Regulatory Hurdles Hamper Online And Virtual Training

Is the military far ahead of civil aviation in welcoming change?

Traditional thinking often sees military officials as slow to change methods. But in training aircraft mechanics, defense managers seem to be faster to embrace new technology than heavily regulated commercial companies.

Milan-based TXT e-solutions supports military aircraft mechanics with training software, explains Daniele Misani, head of training and simulations. It helps train mechanics on aircraft such as the Eurofighter Typhoon, Alenia Aermacchi M-346 Master and NHIndustries’ NH90 military helicopter. In civil aviation, TXT has helped train mechanics on rotorcraft.

“Today we provide a real-time, full-safe training environment that leverages virtual reality technology to create fully immersive learning experiences,” Misani says.

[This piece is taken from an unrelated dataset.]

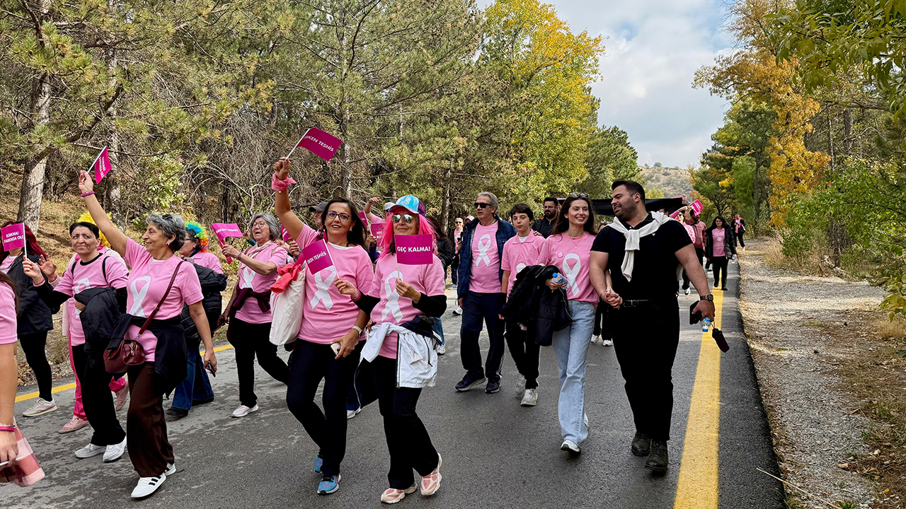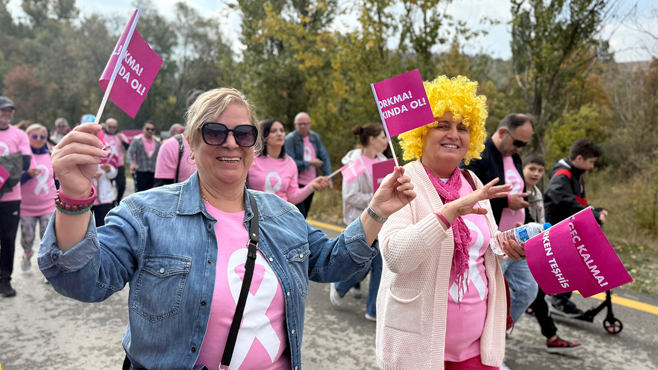 Özel bir hastane tarafından Gölbaşı ilçesindeki Eymir Gölü sahilinde gerçekleşen yürüyüşe kanseri yenenler, tedavisi devam eden hastalar ve sağlık çalışanları katıldı. Kadın-erkek onlarca kişi pembe tişörtlerini giyerek, göl çevresinde yürüdü. Yürüyüşte 'Erken teşhis hayat kurtarır' ve 'Geç kalma sağlıklı kal' sloganları atılarak, erken teşhisin önemine vurgu yapıldı. Yürüyüş sonunda ise katılanlara madalya verildi.

TXT is now seeking to expand this electronic training for mechanics on commercial aircraft. It can offer a platform on which to build training solutions, and it can offer training content as well. Misani says he is seeing interest from maintenance departments as well as cabin and pilot-training organizations. TXT actually has some contracts with commercial cabin-crew trainers, including a virtual-reality door trainer for the Airbus A350, but no contracts yet for mechanics on airline aircraft.

“We are talking to both OEMs and airlines on training commercial aircraft mechanics,” Misani says. However, airlines are reluctant to invest in training software as they are unsure whether it will be approved by regulators. Generally, “practical mechanics training must still be done on real aircraft. They are scared of investing money, the main block to funding by airlines is regulatory.”

The TXT exec says OEMs are starting to push for e-training solutions for mechanics, but “it is still early days, it is mostly proofs of concepts and pilot projects.”

As a European company, TXT works mostly with European airframe and engine OEMs and speaks frequently to EASA about regulatory prospects. Misani says he is hopeful for change here, but “changing rules takes time.”

When change comes, TXT will be ready with solutions. The company has 500 staff in its training unit and is partnering with leading tech companies such as HP and Microsoft for the latest in virtual and mixed reality.